Business

Falcone admits wrongdoing in SEC settlement

Rather than borrowing against assets — like his $39 million St. Barts villa—Falcone admitted he arranged an improper loan to pay his personal taxes.

Rather than borrowing against assets — like his $39 million St. Barts villa—Falcone admitted he arranged an improper loan to pay his personal taxes. (PatrickMcMullan)

Well, this is a first for Wall Street: a hedge fund honcho admits he wronged his investors.

Billionaire Phil Falcone, the head of Harbinger Capital Partners, agreed to admit to wrongdoing under a landmark settlement with the Securities and Exchange Commission.

The agreement is the first to require such an admission since SEC chief Mary Jo White announced that the agency would no longer allow some defendants to cop out of cases “without admitting nor denying” wrongdoing, legal experts said.

The settlement, which must still be approved by a federal court judge, comes after White and other SEC commissioners rejected an earlier deal that they felt amounted to a wrist slap for Falcone.

Falcone will also be barred from the securities industry for at least five years — up from just two years under the earlier deal — and pay $18 million to settle allegations of improper dealings.

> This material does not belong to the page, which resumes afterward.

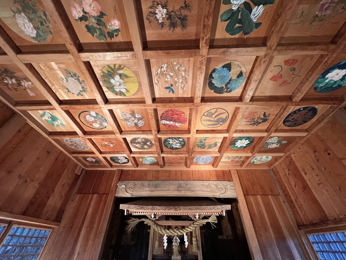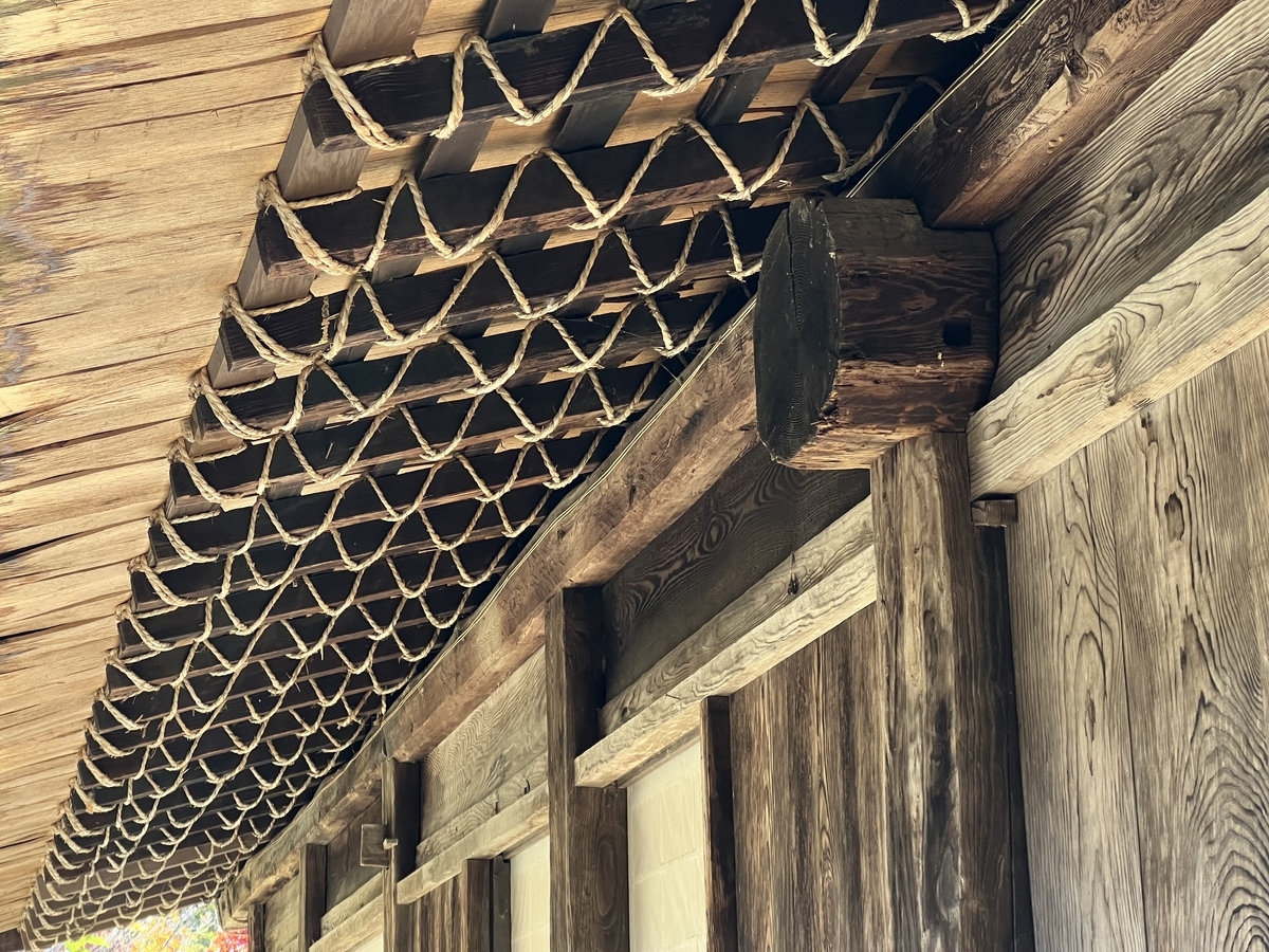 中から天井を見ると天井がなく、榑葺き屋根と垂木母屋がそのまま見れます。

The SEC sued Falcone in June 2012 for putting his “lavish lifestyle,” including a $39 million estate in St. Bart’s, ahead of the interests of his investors.

The Wall Street watchdog said he wrongfully borrowed $113 million to pay his taxes while barring investors from making withdrawals. He also improperly gave certain large investors favorable withdrawal terms over other investors, the SEC said.

“I believe putting these issues behind me now is the best course of action for me and our investors,” Falcone said in a statement.

The fallen hedgie said the deal will allow him to focus on his publicly traded entity, Harbinger Group, and his wireless venture LightSquared, which is struggling to emerge from bankruptcy.

The Harbinger hedge fund, which once boasted $26 billion in capital, will be unwound with the help of an independent monitor. Falcone will assist with the funds’ liquidation, which is tethered in part to a $3 billion investment in LightSquared.

“The public wants people to admit their guilt,” said John Coffee, a securities law professor at Columbia University.

The SEC’s deal with Falcone suggests that the SEC is finally recognizing “what the public really wants” from regulators, Coffee said.

White’s decision to require at least some defendants to admit wrongdoing follows a recent uprising against her predecessors’ policy of allowing defendants to “neither admit nor deny” wrongdoing when settling cases.

The revolt was kicked off in 2011 by outspoken Manhattan federal judge Jed Rakoff. He rejected the SEC’s $285 million settlement with Citigoup, saying the public had a right to know the truth of the SEC’s allegations against Citi.

“We are going to, in certain cases, be seeking admissions going forward,” White told an audience at a conference in June. “Public accountability in particular kinds of cases can be quite important, and if we don’t get them, then we litigate them.”

Falcone, a hockey player at Harvard who rose to hedge-fund fame betting against subprime mortgages ahead of the housing meltdown, also admitted to orchestrating a short squeeze in 2006 by buying up all the bonds of a Canadian company that he knew was a target of short sellers.